DVD Review: The Hustler

20th Century Fox
Movie •••• Picture ••••½ Sound •••½ Extras •••
Robert Rossen's brilliant The Hustler (1961) won Oscars for art direction and cinematography. It did so by delivering richly textured, subtly shaded, atmospheric black-and-white images of American pool-hall squalor, all of which plays beautifully on this sharp, near-flawless transfer. You can practically smell the dusty rooms and the all-night greasy spoons. The picture goes a little soft toward the end (probably due to lesser source materials), but by that time the die has been cast. Both the stereo and the original mono soundtracks are as crisp and clean as possible, given the time period. The crack of the balls on the break is potent and familiar.

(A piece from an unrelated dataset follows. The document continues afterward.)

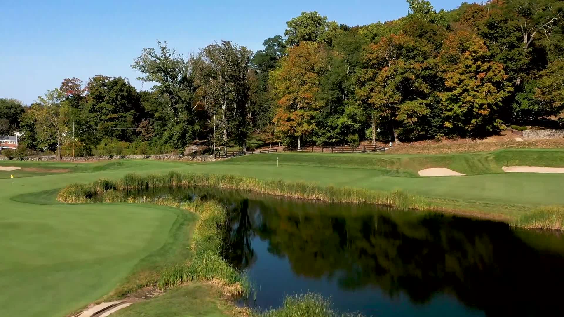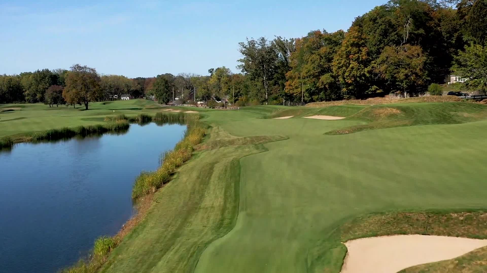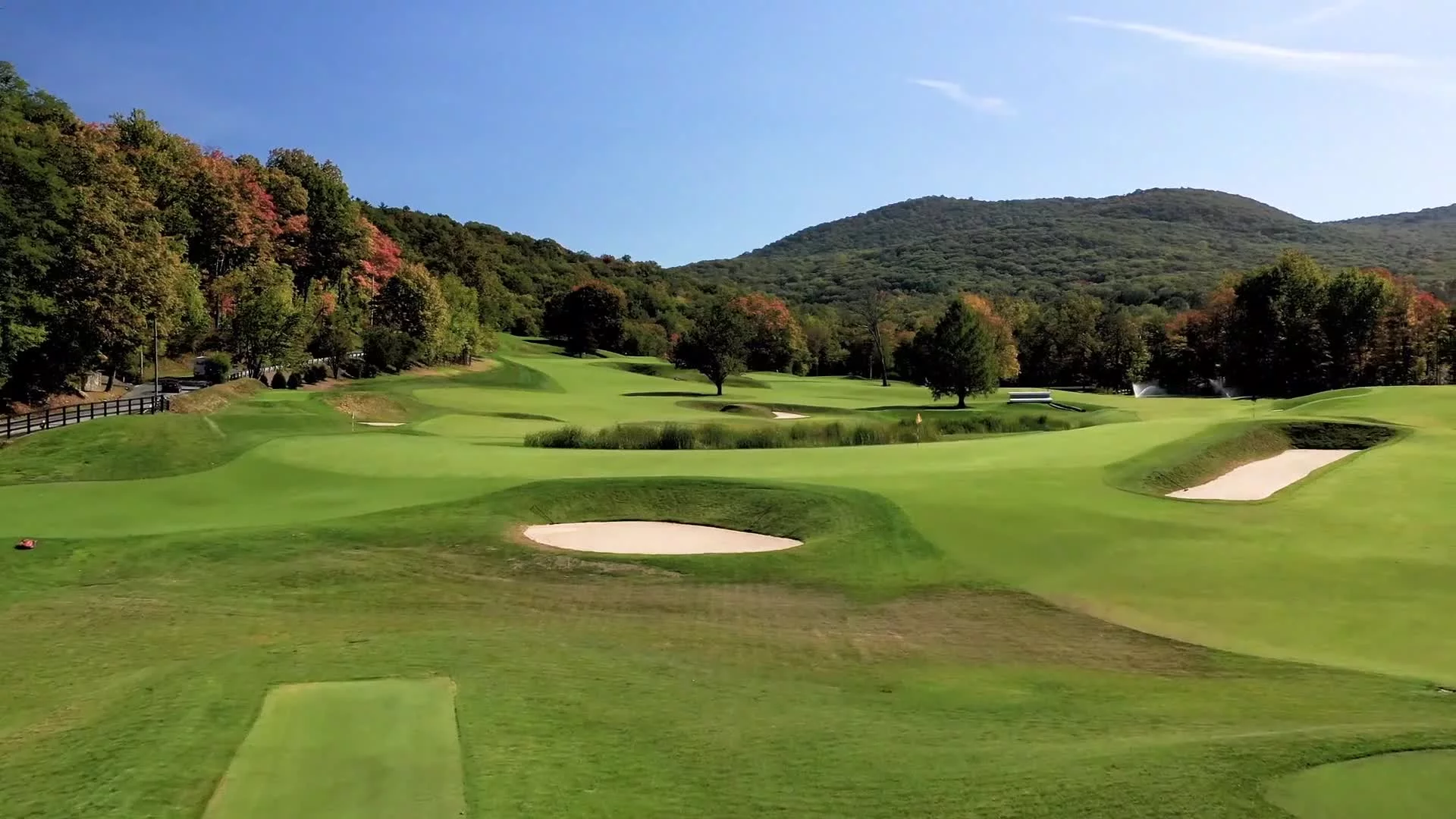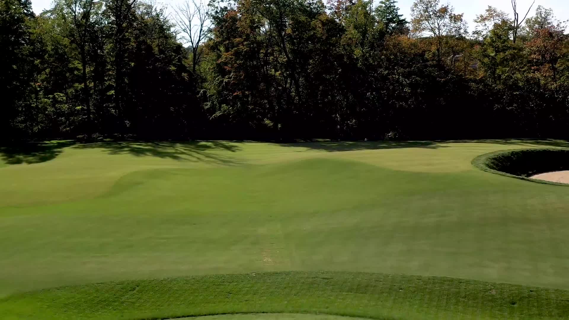 The climb is one of the original Storm King holes, revisited with a large double green with twin false fronts that provides an uphill 170-yard shot to a safe back pin or a fun 90-degree wedge shot from a much shorter tee location. The green is guarded by tall grass on two sides, a bunker that catches the errant shot left, and a friendly maple tree in back that is the safe aim point. As challenging as it looks, if you get a back pin placement, it is a clear birdie opportunity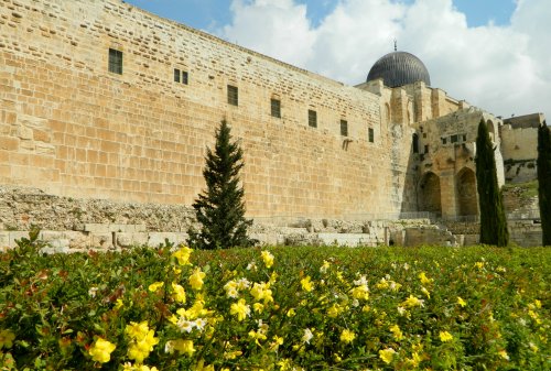 While listening to the professor, with the incessant sermonising of the Al-Aqsa mosque imam going on in the background, I was keeping a sharp eye out for interesting birds hoping that I’d spot the blue rock thrush again. Though I did not it again, my eye caught a smallish black bird flying about one of the ancient windows of the Temple Mount walls. Using my 21x zoom, and then zooming in the picture, I noticed the orange patch on the wing identifying the bird as a Tristam’s starling – a bird I had only ever seen in the Masada and Dead Sea areas.

This two-disc set features an ambitious collection of extras that occasionally falls short of the mark. A disjointed commentary cobbles together the memories of seven cast and crew members (and their relatives), but it delivers only a few memorable stories. A disappointing trick-shot analysis by pool expert Mike Massey can be watched as a pop-up within the film or separately, but it describes what we see onscreen without actually explaining how it's done. An episode of A&E's Biography tells the life story of star Paul Newman in a surprisingly even-toned way. Four original documentaries, totaling about 75 minutes, do a professional job of covering every aspect of the production and add some welcome insight into real-life pool hustlers. [NR] English, Dolby Digital stereo and mono; French and Spanish, Dolby Digital mono; letterboxed (2.35:1) and anamorphic widescreen; two dual-layer discs.